Читать «До свидания, Светополь!: Повести» онлайн - страница 17
Руслан Тимофеевич Киреев
Фигурка эта, как я уже сказал, не была закончена. Ни рук (кроме предплечий), ни всей нижней половины мастер не высвободил из дерева. Вот почему внимание зрителя сосредоточивалось на голове. Она была вскинута и чуть повёрнута вправо, отчего длинные волосы, по–женски расчёсанные на прямой пробор, сместились к левому плечу. Лицо — открытое и смелое, одухотворённое, сказал бы я теперь, а тогда, всматриваясь, я все пытался отыскать в нем ту волшебную силу, которая отпугивала черта.
Дядя Яша смеялся. Но это был нехороший смех, несвободный, смех человека, который утратил на него право.
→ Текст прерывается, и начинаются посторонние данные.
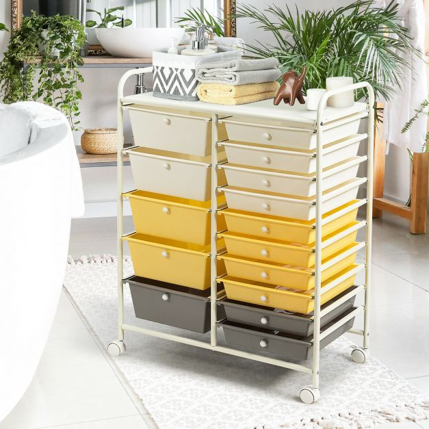 Solid and Durable Construction: The main frame of this drawer storage cart is constructed of premium iron material coated with chrome, which brings a firm frame and gives you a long time of service. This 15-drawer rolling cart is designed to be service durable and is resilient to deformation.
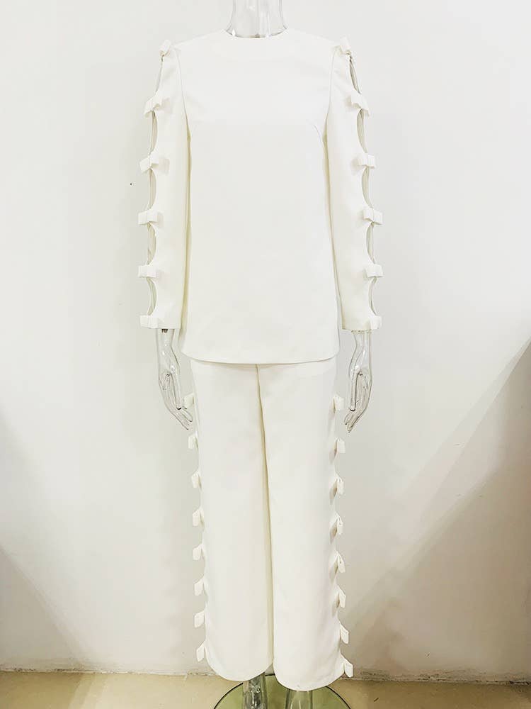 Unveil the essence of modern elegance with our Chic Bow-Top & Pants Set, tailored for the fashion-forward. This ensemble features a long-sleeved top adorned with distinctive hollow bow cut-outs, creating a statement of sophistication. The straight pants offer a sleek silhouette, ensuring a flattering fit for all figures. Crafted from luxurious fabric, this set promises comfort and style that transitions seamlessly from day to night. Perfect for wholesale, it's a versatile addition to any wardrobe, promising to captivate and charm with its unique design and impeccable quality.

Что‑то натужное звучало в нем. Полухрюканье, полухихиканье… Торчали жёлтые зубы. «Ладан, — значительно произносил он. — Ладан! Воплощение неземной чистоты, которой дьявол страшится пуще всего». Словом, что‑то высокопарное, не очень понятное мне, но — волнующее. Я жалею, что не попросил эту фигурку на память. Дядя Яша дал бы. Он был добрым — насколько это можно сказать о человеке, обрёкшем семью на нищету. Добрым ещё и в том смысле, что никогда не скандалил и не ругался, о драках же и говорить нечего, а они вспыхивали здесь частенько. Этим барак славился. И это было одной из причин, почему бабушка строго–настрого запрещала мне ходить сюда.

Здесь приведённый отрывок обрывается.